---- Given material

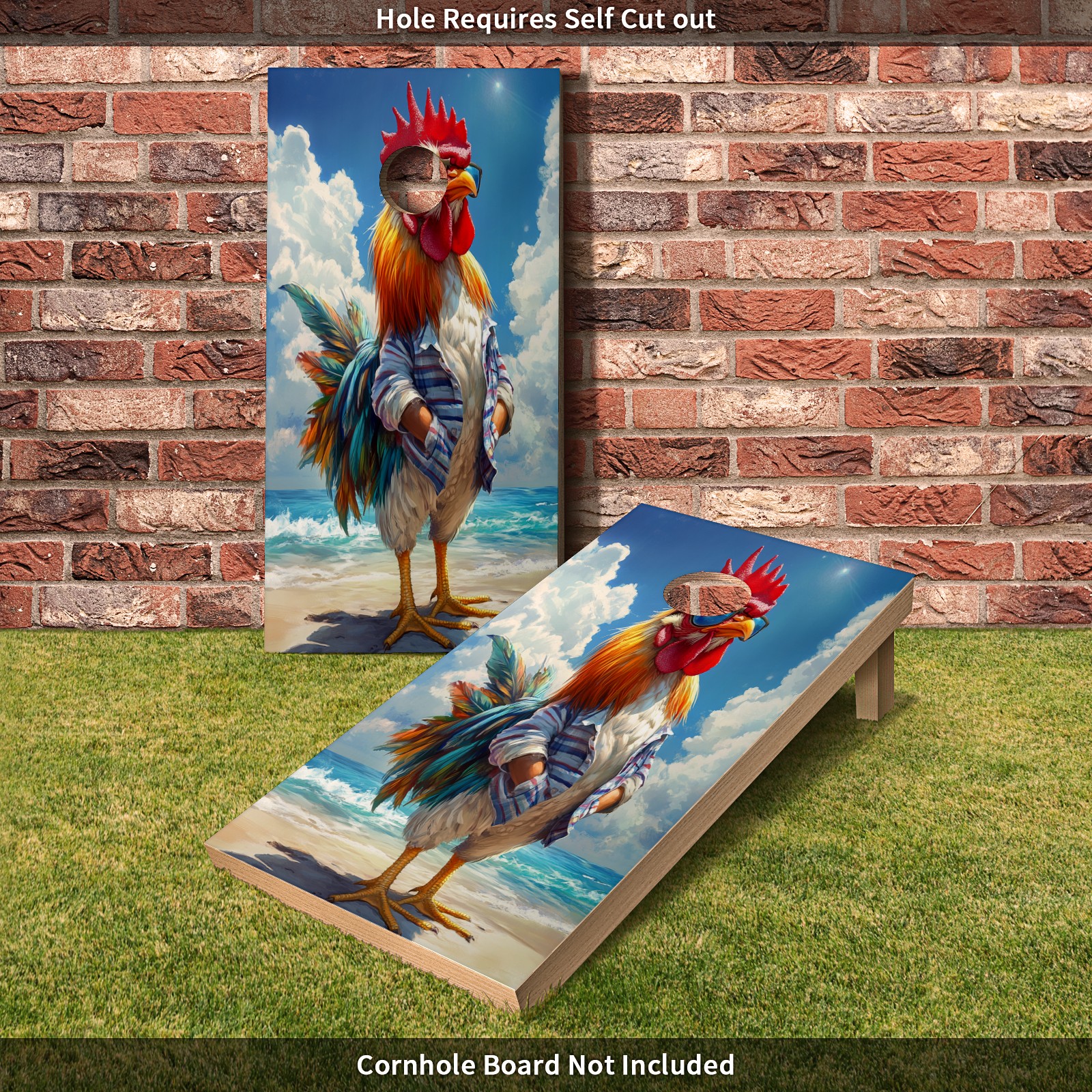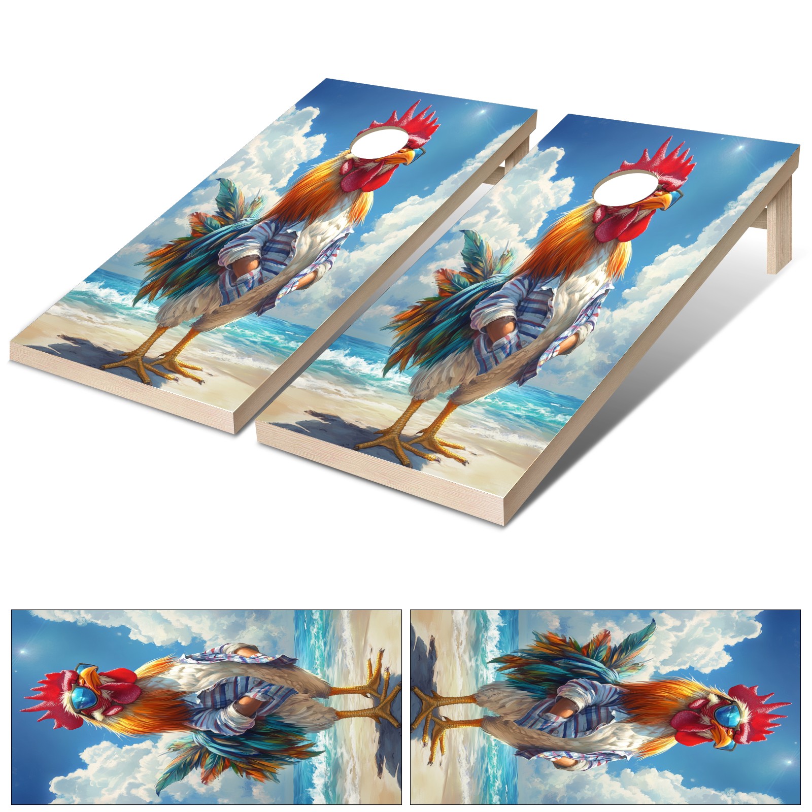 Portable 4x2 Ft Cornhole Boards Set with Two-piece Game Sticker(Decals ONLY), Easy to Apply - Corn Hole Games for Adults Outdoor Bean Bag Toss Game Rooster Pattern1
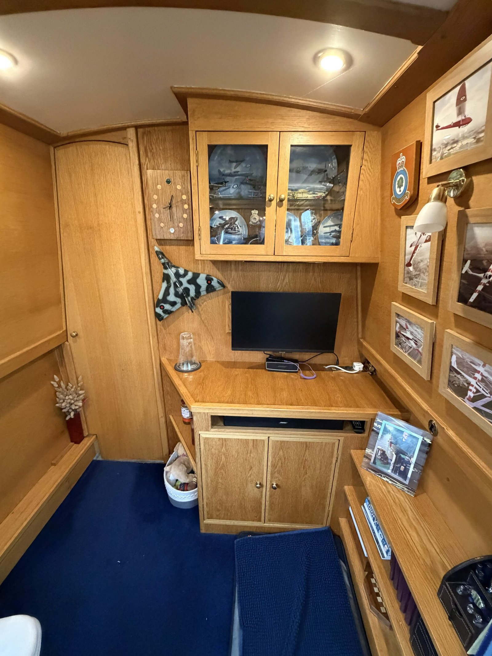 Saloon: Stovax Stockton 4 Clean Burn stove, tv, Bose soundbar, display cabinets, cupboards, shelves, carpet, drop leaf table, chair & footstool.
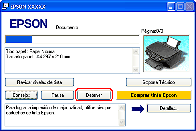 Puede cancelar la impresión tanto a través del contador de avance como de EPSON Spool Manager. Consulte la sección correspondiente más adelante.

--------

**About this exercise**
Return every line of the data above exactly, and omit all pictures.

**Reply to the task**
 Portable 4x2 Ft Cornhole Boards Set with Two-piece Game Sticker(Decals ONLY), Easy to Apply - Corn Hole Games for Adults Outdoor Bean Bag Toss Game Rooster Pattern1
 Saloon: Stovax Stockton 4 Clean Burn stove, tv, Bose soundbar, display cabinets, cupboards, shelves, carpet, drop leaf table, chair & footstool.
 Puede cancelar la impresión tanto a través del contador de avance como de EPSON Spool Manager. Consulte la sección correspondiente más adelante.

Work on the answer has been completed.